The chronic effects consist mainly of bronchopulmonary disease which, after several years, may be complicated by emphysema and bronchiectasis. The maxillary and frontal sinuses may be affected; involvement is usually bilateral, and pansinusitis may be observed in some cases. X-ray examination of the respiratory system reveals irregular opacities, especially in the medial basal region; the apical regions are not usually affected. In certain cases, nodulation has been observed. Stratigraphy shows that the accentuation of pulmonary pattern depends on pulmonary vascular repletion.

Lung function examination has shown changes in pulmonary ventilation, increased oxygen consumption, reduced expiratory volume per second and increased residual volume. Pulmonary carbon dioxide diffusion capacity was also impaired. The disorders are often of a spasmodic nature. Levels of blood sulphur may be higher than normal; there is increased urinary excretion of sulphates and a rise in the ratio of total to organic sulphur.

Sulphur dust and sulphur dioxide are definitely at the origin of the chronic bronchitis. They irritate the mucous membranes and produce obstructive reactions. The possibility of sulphur-induced pulmonary sclerosis has been much discussed, and sulphur pneumoconiosis (“thiopneumoconiosis”) was described for the first time a century ago. However, experimental research and autopsy findings have shown that sulphur produces chronic bronchopulmonary disease without the formation of true nodular fibrosis and without any feature characteristic of silicosis.

Other sulphur compounds

Sulphur trioxide. The vapour pressure of sulphur trioxide rises rapidly with increasing temperatures and, when the a-form melts, the pressure rise is explosive; consequently transport and storage containers must withstand pressures of 10 to 15 atm. Sulphur trioxide reacts vigorously and highly exothermically with water to produce hydrosulphuric acid. When exposed to moist air, it fumes and forms a mist of sulphuric acid which eventually fills all the available space; it also corrodes metals. It is a powerful oxidizing agent and, in the liquid phase, carbonizes organic materials.

Wherever it is used in gaseous, liquid or solid form, or when oleum or hot sulphuric acid is being employed, sulphur trioxide will pollute the working environment. Sulphur dioxide in air will be oxidized by atmospheric oxygen to produce sulphur trioxide.

It enters the body through the respiratory tract and acts both as a local irritant and general toxic agent in a similar manner to sulphur dioxide, although its irritant action is more pronounced. It causes chronic respiratory tract damage and may degrade alkaline reserves and carbohydrate and protein metabolism; it is metabolized to sulphate in the blood and eliminated in the urine in the same way as sulphur dioxide.

The toxic action of oleum on the body is similar to that of sulphuric acid, but the objective signs and symptoms are more pronounced. Safety and health measures for sulphur trioxide are similar to those described for sulphur dioxide.
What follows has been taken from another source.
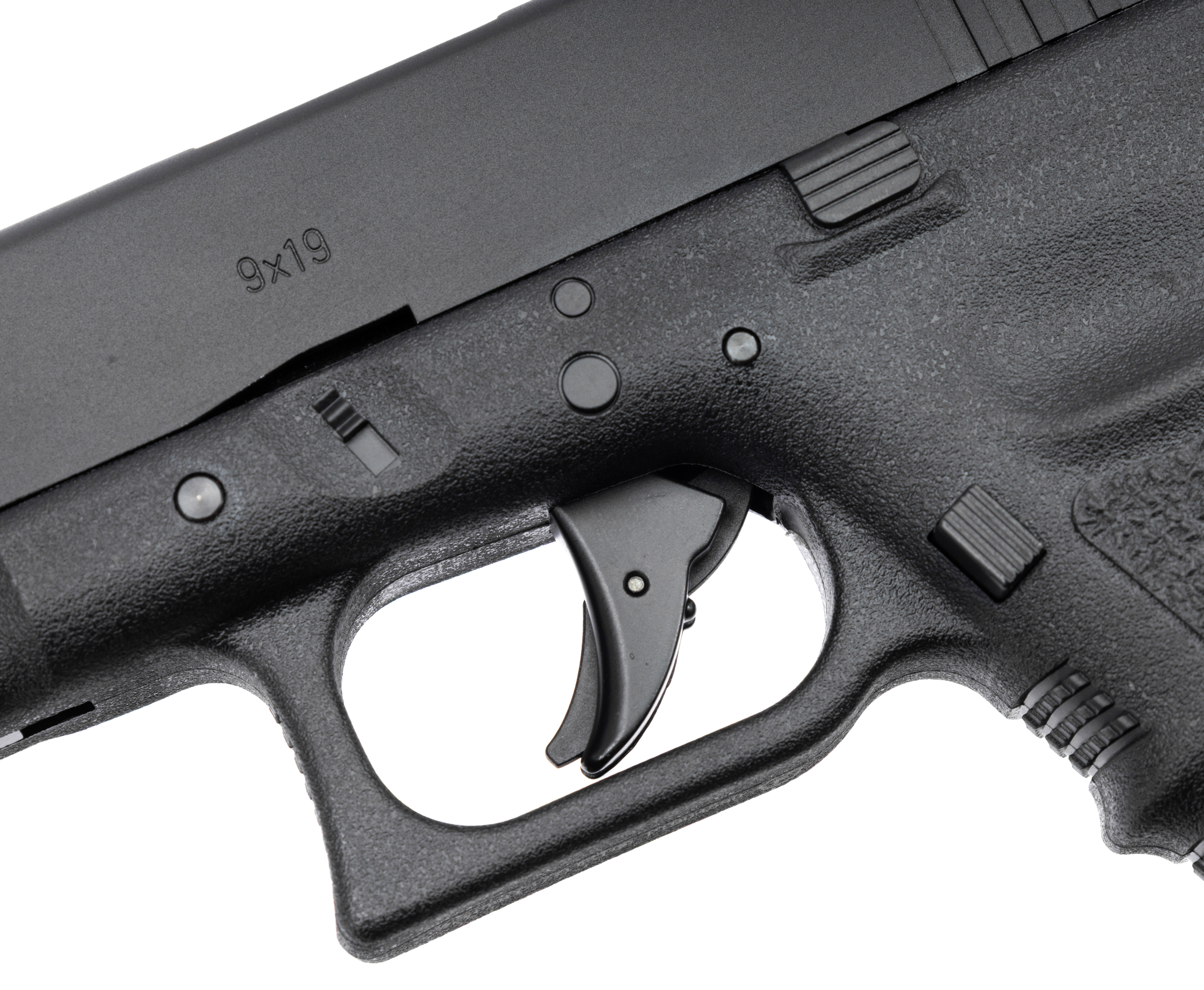 В целях безопасности в обозреваемой модели присутствует автоматический предохранитель на спусковом крючке и дополнительный двухпозиционный переключатель на корпусе под стволом. Там же установлена RIS-планка, для фиксации на пистолете приборов типа лазерных целеуказателей или фонарей. Затворная рама включает механические нерегулируемые прицельные приспособления открытого формата с белой маркировкой для выделения целика и мушки.

Carbonyl sulphide (COS). Carbonyl sulphide is encountered in the native state in volcanic gases and sulphurous waters. It is produced by the reaction of dilute sulphuric acid on ammonium thiocyanate. Carbonyl sulphide is known for its high toxicity. It has been found that it produces serious nervous-system impairment with narcotic effects in high concentrations and has an irritant action.

It is a potent oxidizing substance and should be handled appropriately.

Sulphur tetrafluoride, sulphur pentafluoride (S2F10), disulphur decafluoride, sulphuryl fluoride
(SO2F2), sulphuric oxyfluoride and thionyl fluoride (SOF2) are all irritant substances capable of causing pulmonary oedema in concentrations exceeding the exposure limits, because of their absence of water solubility. The most dangerous is sulphur pentafluoride, which in the presence of moisture hydrolyzes into hydrogen fluoride and sulphur dioxide; its irritant action is considered more severe than that of phosgene, not only as regards the dose, but also because pulmonary haemorrhages may be associated with lung oedema. Sulphuryl fluoride appears to act mainly as a convulsant agent on laboratory animals.

The safety and health measures to be taken in exposure to sulphur pentafluoride are the same as those recommended for the most severe irritant compounds. The other fluorinated sulphur compounds should be treated like sulphur dioxide.

Sulphur chloride is a flammable liquid which gives rise to a moderate fire hazard associated with the evolution of the dangerous decomposition products sulphur dioxide and hydrogen chloride. It is a fuming, corrosive liquid which is dangerous to the eyes; the vapour is irritating to the lungs and mucous membrane. In contact with the skin, the liquid can cause chemical burns. It should be handled under the maximum degree of enclosure and workers should be provided with personal protective equipment including eye protective equipment and respiratory protective equipment.

Sulphuryl chloride is formed by the direct combination of sulphur dioxide and chlorine in the presence of a catalyst which may be charcoal, camphor or acetic anydride. It is also obtained by heating chlorosulphonic acid, with mercuric sulphate, antimony or tin as catalyst. It is used in the manufacture of pharmaceuticals and dye-stuffs, and generally in organic synthesis as a chlorinating, dehydrating or acylating agent.

Sulphuryl chloride is a corrosive liquid which, in contact with the body, can cause burns; the vapour is a respiratory irritant. The precautions are similar to those recommended for sulphur chloride.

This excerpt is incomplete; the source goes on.